**Available records:**
*** Block opens ***

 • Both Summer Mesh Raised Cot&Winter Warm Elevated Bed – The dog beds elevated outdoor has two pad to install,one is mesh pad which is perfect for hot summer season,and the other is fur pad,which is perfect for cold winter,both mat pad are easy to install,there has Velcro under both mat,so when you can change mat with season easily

*** Block closes ***
*** Block opens ***

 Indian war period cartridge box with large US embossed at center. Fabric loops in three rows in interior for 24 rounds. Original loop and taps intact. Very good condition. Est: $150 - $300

*** Block closes ***
*** Block opens ***

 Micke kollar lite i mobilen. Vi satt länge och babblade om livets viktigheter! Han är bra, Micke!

*** Block closes ***

**Activity:**
Scanning the data above, copy out every line where "with" is found.

**Worked solution:**
 • Both Summer Mesh Raised Cot&Winter Warm Elevated Bed – The dog beds elevated outdoor has two pad to install,one is mesh pad which is perfect for hot summer season,and the other is fur pad,which is perfect for cold winter,both mat pad are easy to install,there has Velcro under both mat,so when you can change mat with season easily
 Indian war period cartridge box with large US embossed at center. Fabric loops in three rows in interior for 24 rounds. Original loop and taps intact. Very good condition. Est: $150 - $300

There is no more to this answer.